Method verification
Wild Vitis species can be used in grape breeding programs to introgress disease and abiotic stress resistance into susceptible germplasm belonging to the domesticated grape, V. vinifera. Commercial cultivars with wild Vitis ancestry are often referred to as “hybrids”. An evaluation of ancestry across commercial hybrids can provide insight into the history of hybrid grape breeding and a foundation for future efforts to select for ancestry based on marker data.

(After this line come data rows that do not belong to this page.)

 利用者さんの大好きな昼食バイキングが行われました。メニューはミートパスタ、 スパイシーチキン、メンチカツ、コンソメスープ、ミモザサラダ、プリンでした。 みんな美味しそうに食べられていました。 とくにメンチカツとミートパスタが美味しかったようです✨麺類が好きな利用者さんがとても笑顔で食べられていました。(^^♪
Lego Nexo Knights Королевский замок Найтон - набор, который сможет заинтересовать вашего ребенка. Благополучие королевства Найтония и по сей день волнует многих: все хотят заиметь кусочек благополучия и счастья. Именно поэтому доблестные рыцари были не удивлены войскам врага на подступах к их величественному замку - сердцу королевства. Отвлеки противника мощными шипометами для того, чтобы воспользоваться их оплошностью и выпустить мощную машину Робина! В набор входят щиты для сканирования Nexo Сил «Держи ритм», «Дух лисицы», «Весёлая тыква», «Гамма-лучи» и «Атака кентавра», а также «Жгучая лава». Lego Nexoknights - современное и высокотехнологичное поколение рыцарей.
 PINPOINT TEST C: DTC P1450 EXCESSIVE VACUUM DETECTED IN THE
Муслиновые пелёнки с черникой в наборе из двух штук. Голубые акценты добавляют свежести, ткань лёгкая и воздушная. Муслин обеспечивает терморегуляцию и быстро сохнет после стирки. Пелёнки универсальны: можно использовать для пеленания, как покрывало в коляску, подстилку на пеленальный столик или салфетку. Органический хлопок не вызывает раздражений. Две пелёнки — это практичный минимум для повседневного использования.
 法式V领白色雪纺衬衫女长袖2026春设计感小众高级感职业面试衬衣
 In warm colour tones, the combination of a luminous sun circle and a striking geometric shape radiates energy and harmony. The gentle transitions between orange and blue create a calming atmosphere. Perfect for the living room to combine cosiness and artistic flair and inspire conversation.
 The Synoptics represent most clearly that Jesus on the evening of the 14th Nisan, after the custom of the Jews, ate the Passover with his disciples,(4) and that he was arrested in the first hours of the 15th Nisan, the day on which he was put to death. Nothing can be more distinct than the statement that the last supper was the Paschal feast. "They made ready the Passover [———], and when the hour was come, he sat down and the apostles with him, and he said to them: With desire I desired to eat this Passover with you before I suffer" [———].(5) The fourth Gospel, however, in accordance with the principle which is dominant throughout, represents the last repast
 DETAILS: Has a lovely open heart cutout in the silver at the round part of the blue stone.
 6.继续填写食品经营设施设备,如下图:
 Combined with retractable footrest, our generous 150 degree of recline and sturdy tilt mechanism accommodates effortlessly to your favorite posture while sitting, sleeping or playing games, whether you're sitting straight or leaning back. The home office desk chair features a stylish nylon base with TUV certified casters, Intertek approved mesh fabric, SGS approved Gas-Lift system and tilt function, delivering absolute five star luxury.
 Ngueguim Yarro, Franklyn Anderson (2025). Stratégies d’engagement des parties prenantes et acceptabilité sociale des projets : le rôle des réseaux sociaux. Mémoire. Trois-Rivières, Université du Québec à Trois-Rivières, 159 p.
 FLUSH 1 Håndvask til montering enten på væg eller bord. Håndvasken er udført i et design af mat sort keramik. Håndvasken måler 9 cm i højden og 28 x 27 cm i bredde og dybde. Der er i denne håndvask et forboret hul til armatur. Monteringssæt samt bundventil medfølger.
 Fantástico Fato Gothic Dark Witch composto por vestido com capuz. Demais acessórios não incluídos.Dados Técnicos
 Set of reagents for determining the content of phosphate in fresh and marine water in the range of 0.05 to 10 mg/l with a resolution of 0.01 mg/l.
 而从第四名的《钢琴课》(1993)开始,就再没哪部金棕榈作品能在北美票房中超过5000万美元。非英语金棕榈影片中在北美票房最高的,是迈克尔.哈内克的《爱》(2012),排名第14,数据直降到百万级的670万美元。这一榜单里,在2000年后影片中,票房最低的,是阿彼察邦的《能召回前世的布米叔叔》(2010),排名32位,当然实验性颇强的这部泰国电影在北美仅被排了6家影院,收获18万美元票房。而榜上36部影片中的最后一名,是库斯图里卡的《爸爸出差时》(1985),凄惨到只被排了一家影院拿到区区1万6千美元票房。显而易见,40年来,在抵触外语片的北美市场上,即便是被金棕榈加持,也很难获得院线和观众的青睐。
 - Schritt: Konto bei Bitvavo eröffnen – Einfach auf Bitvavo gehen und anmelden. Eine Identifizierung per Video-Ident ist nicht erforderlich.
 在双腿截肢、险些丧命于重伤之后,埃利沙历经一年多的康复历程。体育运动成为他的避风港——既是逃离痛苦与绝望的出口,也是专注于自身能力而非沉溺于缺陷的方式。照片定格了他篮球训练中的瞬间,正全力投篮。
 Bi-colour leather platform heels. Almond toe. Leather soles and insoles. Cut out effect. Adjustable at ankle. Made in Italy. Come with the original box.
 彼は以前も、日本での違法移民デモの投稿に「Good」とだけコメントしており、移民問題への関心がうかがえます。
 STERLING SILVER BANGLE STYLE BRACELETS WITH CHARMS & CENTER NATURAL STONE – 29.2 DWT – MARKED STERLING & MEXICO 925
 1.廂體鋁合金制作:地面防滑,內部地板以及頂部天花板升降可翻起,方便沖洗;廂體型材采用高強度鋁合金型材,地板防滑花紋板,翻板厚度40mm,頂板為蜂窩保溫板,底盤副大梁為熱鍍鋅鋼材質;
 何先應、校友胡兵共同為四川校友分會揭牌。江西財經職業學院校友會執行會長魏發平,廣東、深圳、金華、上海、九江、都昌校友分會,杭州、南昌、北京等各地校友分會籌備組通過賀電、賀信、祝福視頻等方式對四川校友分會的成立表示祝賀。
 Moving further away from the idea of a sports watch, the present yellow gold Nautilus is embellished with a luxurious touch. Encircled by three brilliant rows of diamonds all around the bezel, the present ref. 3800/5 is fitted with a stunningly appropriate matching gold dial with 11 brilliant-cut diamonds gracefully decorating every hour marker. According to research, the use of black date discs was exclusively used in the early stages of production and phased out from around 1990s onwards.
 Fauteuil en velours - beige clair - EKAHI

Previous work provided accurate ancestry estimates of interspecific grape cultivars using Vitis9KSNP array data for cultivars belonging to the USDA germplasm collection [24]. We applied the same PCA-based method to evaluate the ancestry of some of the most widely grown hybrid cultivars sampled from North America and Europe using GBS data.
PCA provides a clear separation of wild Vitis and V. vinifera samples along PC1, with commercial hybrids found between the two ancestral groups (Fig. 1a). The projected position of a hybrid along PC1 was used to calculate its percentage V. vinifera ancestry (Fig. 1b).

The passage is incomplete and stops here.